• _Description of the task_: The required answer is the data below, restated word for word with images omitted.

• _The data_:

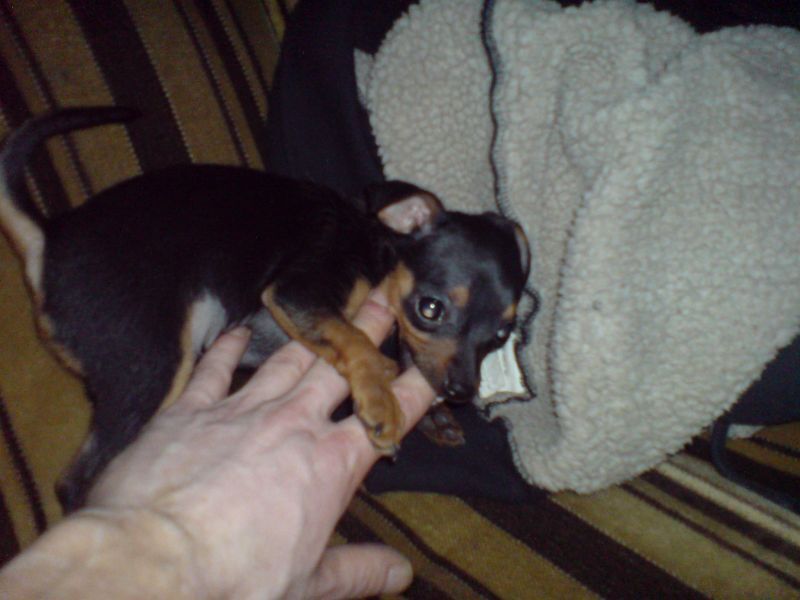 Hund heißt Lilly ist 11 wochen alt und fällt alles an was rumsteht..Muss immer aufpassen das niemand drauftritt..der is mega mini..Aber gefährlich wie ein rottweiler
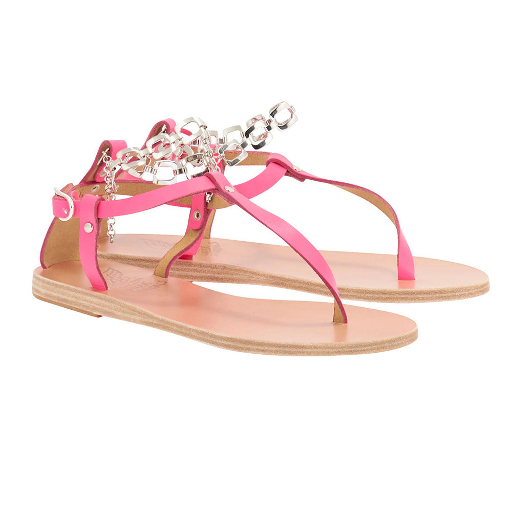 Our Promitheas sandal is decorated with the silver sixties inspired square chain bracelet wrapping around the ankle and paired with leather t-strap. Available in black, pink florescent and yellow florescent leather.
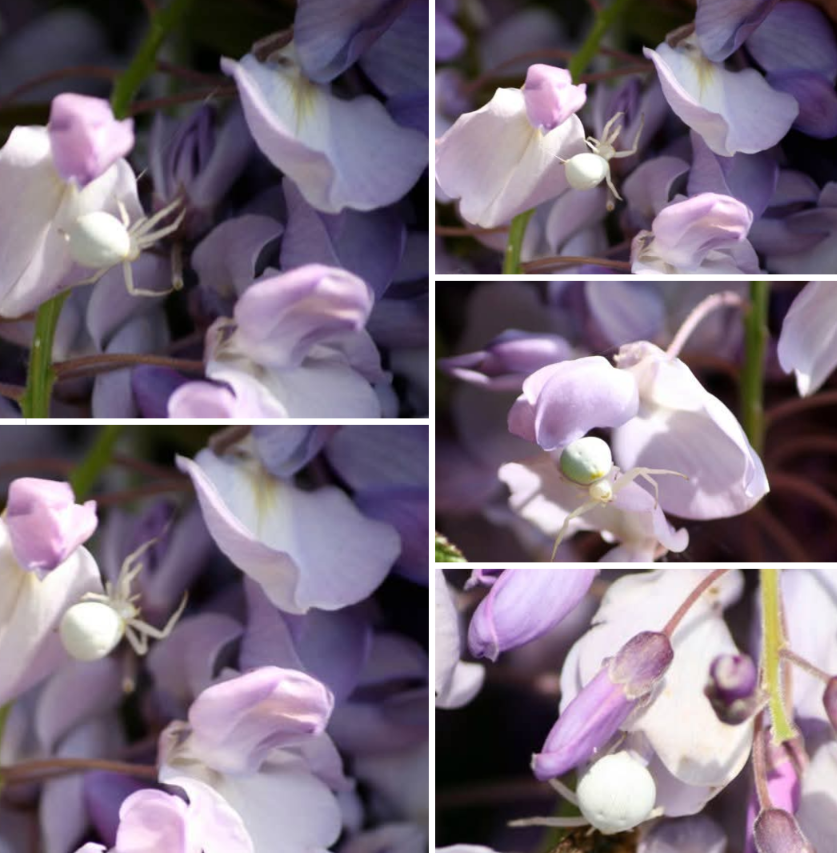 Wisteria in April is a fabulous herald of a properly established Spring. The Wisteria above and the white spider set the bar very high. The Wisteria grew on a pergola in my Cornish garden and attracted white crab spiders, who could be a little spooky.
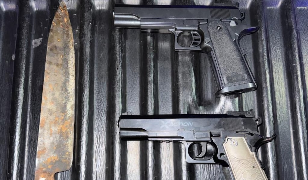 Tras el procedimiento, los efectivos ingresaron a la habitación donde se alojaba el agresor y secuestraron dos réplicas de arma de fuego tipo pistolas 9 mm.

• _Response box_:
 Hund heißt Lilly ist 11 wochen alt und fällt alles an was rumsteht..Muss immer aufpassen das niemand drauftritt..der is mega mini..Aber gefährlich wie ein rottweiler
 Our Promitheas sandal is decorated with the silver sixties inspired square chain bracelet wrapping around the ankle and paired with leather t-strap. Available in black, pink florescent and yellow florescent leather.
 Wisteria in April is a fabulous herald of a properly established Spring. The Wisteria above and the white spider set the bar very high. The Wisteria grew on a pergola in my Cornish garden and attracted white crab spiders, who could be a little spooky.
 Tras el procedimiento, los efectivos ingresaron a la habitación donde se alojaba el agresor y secuestraron dos réplicas de arma de fuego tipo pistolas 9 mm.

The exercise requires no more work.